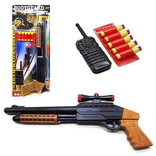 Ружье "Бодигард ПФ" с мягкими пулями, рацией, гранатой и нож, на планш. 58*23см (24шт)
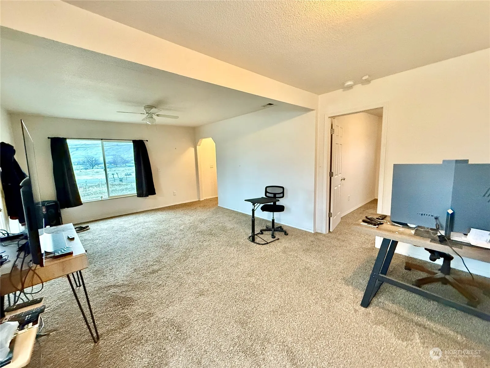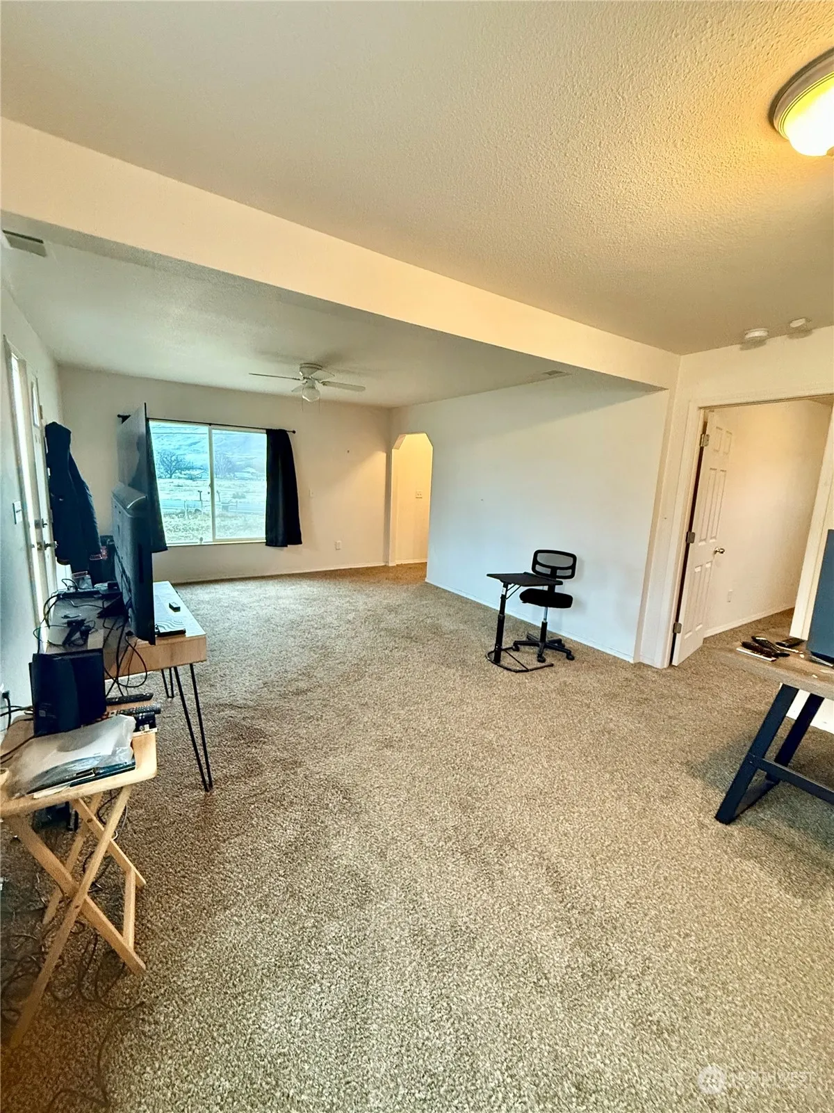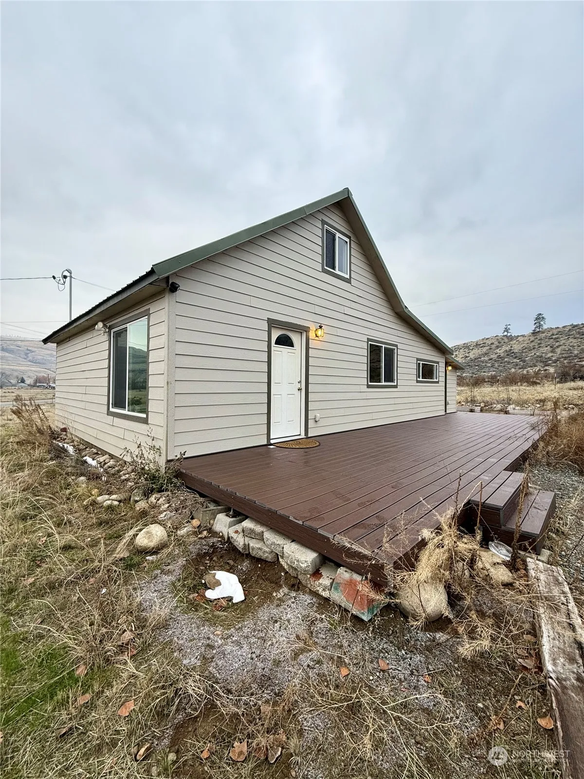 Okanogan – Location, location, location! County living less than 5 minutes away from downtown Okanogan. 1 ACRE COUNTRY HOME w/MOUNTAIN VIEWS! 1188sqft 3 bedroom/1 full bath home close to Smallwood Farms, grocery store, retail shopping, coffee shops, The Dawg House Pub, and more. Main level has kitchen with breakfast bar, dining area – all appliances stay, large living room, two bedrooms, full bathroom, laundry room/mudroom with separate entryway to deck. Upper level includes additional bedroom/bonus room & extra closet area & sitting space. BRAND NEW HEAT PUMP for heating & cooling. Outbuilding w/electricity. Raised garden beds & horseshoe pit. Completely fenced. Septic. Shared Well. $299,900 MLS-2314116/H-3621
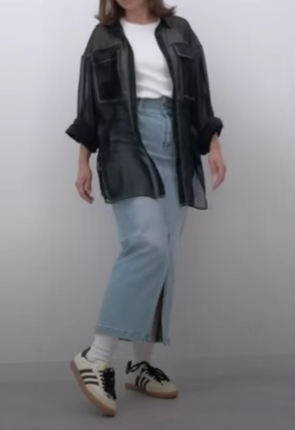 タイトなシルエットが綺麗なデニムスカートにスニーカーを合わせたコーデ。デニムスカートはスニーカーとの相性も良く、1年中履けるので1枚は持っていたいデイリーアイテム。
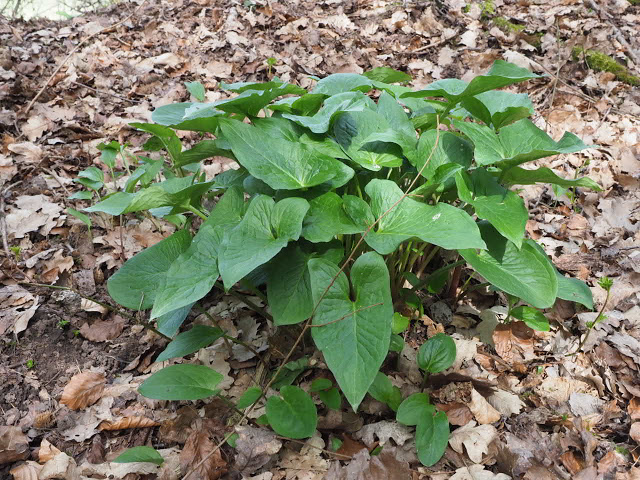 Gegen 10 verabschieden wir uns und ich setze meine Wanderung fort. Der Frühling hat noch mal so richtig an Fahrt aufgenommen. Mönchsgrasmücken singen, Schlehen und Kirschen beginnen zu blühen, die frischen Blätter des Aronstabs sind schon kräfig gewachsen und junge Ahorne tragen bereits Blätter.
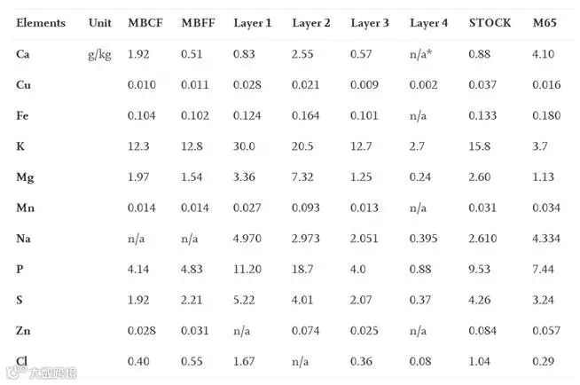 结果2:如表1所示,矿物含量是食品成分的一个关键属性,含量高低依赖于分馏和提纯过程。因此,我们分析了MBFF和DMBFF的矿物含量,这是由空气分级得到的。类似地,我们分析了MBFF分散体系得到的第1 - 4层的矿物含量,第1层超滤得到的原液,以及参考商品绿豆蛋白粉(标记为M65)。除粉末样品外,其他液体或半固体样品在分析前冷冻干燥。

_ _ _ _

## WORK INSTRUCTION
Leave the images aside and transcribe all entries exactly.

## FINISHED TASK
 Ружье "Бодигард ПФ" с мягкими пулями, рацией, гранатой и нож, на планш. 58*23см (24шт)
 Okanogan – Location, location, location! County living less than 5 minutes away from downtown Okanogan. 1 ACRE COUNTRY HOME w/MOUNTAIN VIEWS! 1188sqft 3 bedroom/1 full bath home close to Smallwood Farms, grocery store, retail shopping, coffee shops, The Dawg House Pub, and more. Main level has kitchen with breakfast bar, dining area – all appliances stay, large living room, two bedrooms, full bathroom, laundry room/mudroom with separate entryway to deck. Upper level includes additional bedroom/bonus room & extra closet area & sitting space. BRAND NEW HEAT PUMP for heating & cooling. Outbuilding w/electricity. Raised garden beds & horseshoe pit. Completely fenced. Septic. Shared Well. $299,900 MLS-2314116/H-3621
 タイトなシルエットが綺麗なデニムスカートにスニーカーを合わせたコーデ。デニムスカートはスニーカーとの相性も良く、1年中履けるので1枚は持っていたいデイリーアイテム。
 Gegen 10 verabschieden wir uns und ich setze meine Wanderung fort. Der Frühling hat noch mal so richtig an Fahrt aufgenommen. Mönchsgrasmücken singen, Schlehen und Kirschen beginnen zu blühen, die frischen Blätter des Aronstabs sind schon kräfig gewachsen und junge Ahorne tragen bereits Blätter.
 结果2:如表1所示,矿物含量是食品成分的一个关键属性,含量高低依赖于分馏和提纯过程。因此,我们分析了MBFF和DMBFF的矿物含量,这是由空气分级得到的。类似地,我们分析了MBFF分散体系得到的第1 - 4层的矿物含量,第1层超滤得到的原液,以及参考商品绿豆蛋白粉(标记为M65)。除粉末样品外,其他液体或半固体样品在分析前冷冻干燥。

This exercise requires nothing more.